**Work to be completed**
Every line containing "Figura" should be identified and copied from the data below.

(Stored records)
* * *

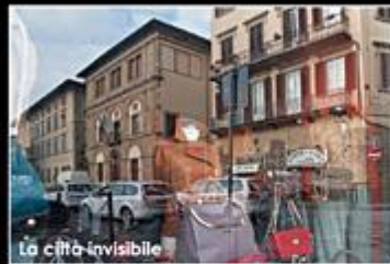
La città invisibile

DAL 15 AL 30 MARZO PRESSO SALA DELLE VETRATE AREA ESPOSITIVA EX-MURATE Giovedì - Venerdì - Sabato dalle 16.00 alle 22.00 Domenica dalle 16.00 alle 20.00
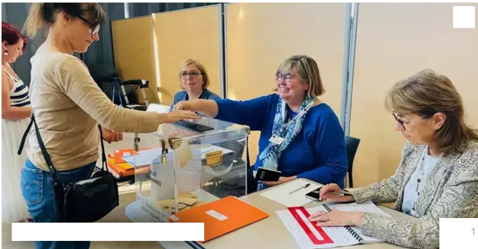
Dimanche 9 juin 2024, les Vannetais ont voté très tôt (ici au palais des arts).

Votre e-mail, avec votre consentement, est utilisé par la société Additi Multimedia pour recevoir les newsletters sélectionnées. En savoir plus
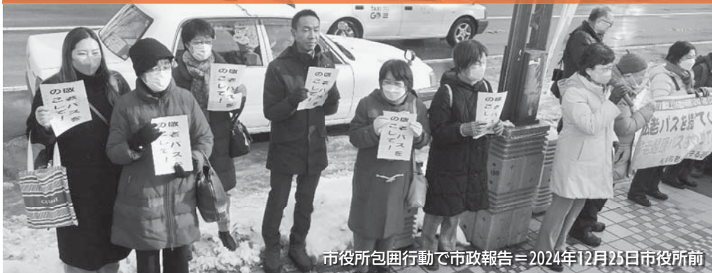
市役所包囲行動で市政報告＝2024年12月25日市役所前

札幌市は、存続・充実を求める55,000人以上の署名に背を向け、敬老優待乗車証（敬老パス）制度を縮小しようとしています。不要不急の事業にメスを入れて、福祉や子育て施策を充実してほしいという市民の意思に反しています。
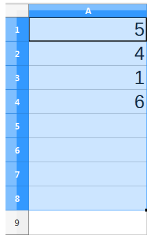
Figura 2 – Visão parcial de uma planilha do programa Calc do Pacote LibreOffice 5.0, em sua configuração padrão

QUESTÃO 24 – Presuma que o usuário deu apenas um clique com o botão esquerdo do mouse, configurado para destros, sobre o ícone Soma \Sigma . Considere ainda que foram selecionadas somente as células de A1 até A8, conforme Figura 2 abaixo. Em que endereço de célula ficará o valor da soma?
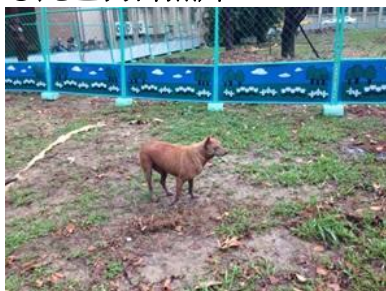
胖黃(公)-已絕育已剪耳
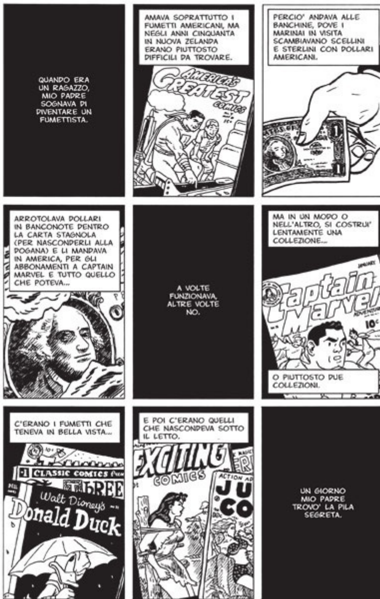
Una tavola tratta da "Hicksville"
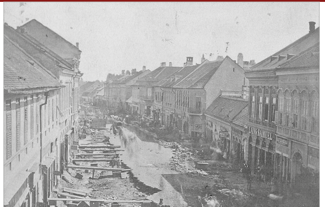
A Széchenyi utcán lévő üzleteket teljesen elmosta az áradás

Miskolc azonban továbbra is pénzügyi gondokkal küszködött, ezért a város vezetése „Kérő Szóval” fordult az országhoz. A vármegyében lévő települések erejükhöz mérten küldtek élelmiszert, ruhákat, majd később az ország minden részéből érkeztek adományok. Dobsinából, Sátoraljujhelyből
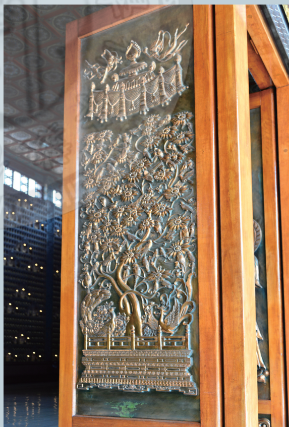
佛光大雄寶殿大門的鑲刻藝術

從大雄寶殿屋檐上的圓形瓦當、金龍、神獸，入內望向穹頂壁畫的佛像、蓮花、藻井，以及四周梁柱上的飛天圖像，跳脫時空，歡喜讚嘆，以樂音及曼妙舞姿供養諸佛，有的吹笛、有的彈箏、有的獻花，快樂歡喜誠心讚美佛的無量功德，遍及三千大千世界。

* * *

**Answer to the exercise**
Figura 2 – Visão parcial de uma planilha do programa Calc do Pacote LibreOffice 5.0, em sua configuração padrão
QUESTÃO 24 – Presuma que o usuário deu apenas um clique com o botão esquerdo do mouse, configurado para destros, sobre o ícone Soma \Sigma . Considere ainda que foram selecionadas somente as células de A1 até A8, conforme Figura 2 abaixo. Em que endereço de célula ficará o valor da soma?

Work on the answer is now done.